Caramel Pudding with Pineapple Juice

By Emma Kitchen

Prep:
25 min
Cook:
50 min
Total:
1h 15min
Servings:
8 servings
Ingredients
  • Batter
  • 270 ml (1 1/8 cups) unbleached all-purpose flour
  • 5 ml (1 teaspoon) baking powder
  • 1 pinch salt
  • 100 ml (7 tablespoons) canola oil
  • 50 ml (3 tablespoons) light molasses
  • 1 egg
  • 140 ml (9 tablespoons) pineapple juice
  • Sauce
  • 270 ml (1 1/8 cups) light brown sugar
  • 190 ml (3/4 cup) granulated sugar
  • 12 ml (2 1/2 teaspoons) arrowroot powder
  • 400 ml (1 2/3 cups) 35% cream
  • 5 ml (1 teaspoon) vanilla extract
  • 5 ml (1 teaspoon) ground cinnamon
Method
  1. Batter
  2. 1 Center rack in oven. Preheat to 185°C (365°F). Grease a 20 cm (8 inch) square baking dish. Set aside.
  3. 2 Sift together flour, baking powder, salt. Set aside.
  4. 3 In a mixing bowl, whisk canola oil with molasses until well blended. Add egg, beat lightly. Alternate adding dry ingredients and pineapple juice into the wet mixture, folding gently until just combined. Pour batter evenly into prepared baking dish. Place dish on baking sheet to catch drips. Reserve.
  5. Sauce
  6. 4 Combine brown sugar, white sugar, arrowroot powder in saucepan. Slowly add cream, stirring constantly with a whisk over medium-low heat. Heat until mixture boils and thickens slightly, about 7 minutes, stirring to avoid lumps.
  7. 5 Remove from heat. Stir in vanilla and cinnamon. Pour sauce evenly over batter in the baking dish.
  8. 6 Bake in the preheated oven for 45 to 50 minutes or until a toothpick poked in center comes out clean and top is bubbly and golden.
  9. 7 Remove from oven. Cool slightly before serving. Can be eaten warm or cooled completely for a firmer texture.
Nutritional information
Calories
380
Protein
4g
Carbs
52g
Fat
18g

Frequently Asked Questions About Caramel Pudding

Can I make this ahead? Yeah. Bake it, cool it completely, cover it, refrigerate it. Reheats fine in a low oven or just eat it cold. Lasts 3 days before the texture gets weird.
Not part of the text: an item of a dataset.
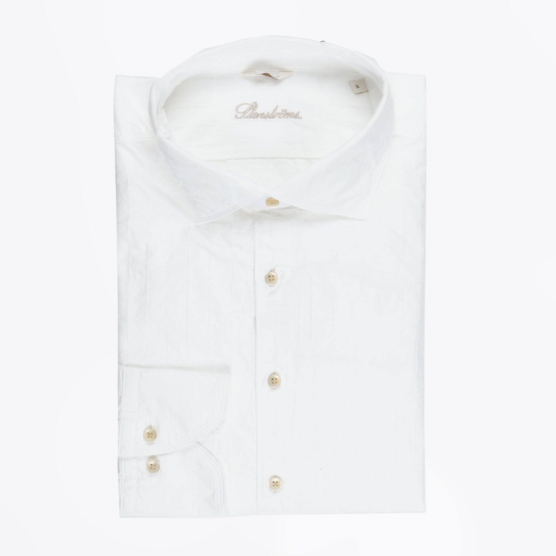 Luxury menswear designer Stenstroms specialise in producing signature professional and casual apparel for the style-savvy gent. Update your summer shirt options with this Stenstroms option. Crafted in a cotton material, this white shirt features a square texture, with a collared neckline, a mother of pearl button-down fastening, and buttoned cuffs. Wear this shirt with a pair of shorts for a styled-up summer look.

What if my sauce broke or got lumpy? Strain it through a fine mesh. Works. Or just pour it through anyway — lumps dissolve back into the pudding as it bakes sometimes.
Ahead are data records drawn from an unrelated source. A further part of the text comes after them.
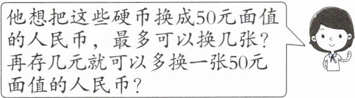 他想把这些硬币换成50元面值的人民币,最多可以换几张?再存几元就可以多换一张50元面值的人民币?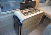fridge, two burner hob and sink, plus a hook on worktop extension. Opposite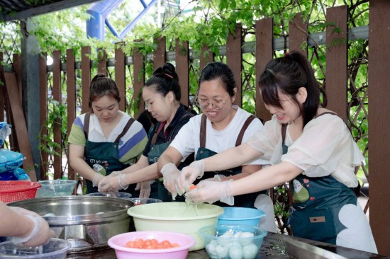 一根根細(xì)線、一張張粽葉,將大家的心緊緊包裹在一起。經(jīng)過四個(gè)小時(shí)的齊心協(xié)作,2200個(gè)粽子就誕生了,大家在歡聲笑語中互相點(diǎn)評(píng)、欣賞彼此的勞動(dòng)成果,并紛紛表示,通過參加公司的端午節(jié)活動(dòng),親身體驗(yàn)包粽子,重溫端午文化傳統(tǒng),不僅鍛煉了動(dòng)手能力、放松了身心,還進(jìn)一步增強(qiáng)了對(duì)傳統(tǒng)文化的認(rèn)同感。

Can I use cornstarch instead of arrowroot? Sure. Same amount. Arrowroot just tastes cleaner. Cornstarch works but the sauce gets a bit thicker and shinier.

Does it have to be pineapple juice? Honestly, tried orange once. It worked. The acidity’s what matters. Apple juice probably works too but I haven’t tested it. Pineapple’s the safest bet.

What’s the difference between warm and cold? Warm and it’s more pudding — soft, custardy, the sauce runs. Cold and it sets up more cake-like but still has that custard underneath. Temperature doesn’t make it better or worse.

Can I double this for a bigger pan? Yeah but increase the bake time by maybe 10 minutes. Test with the toothpick. A 9x13 dish might need closer to 55-60 minutes depending on depth.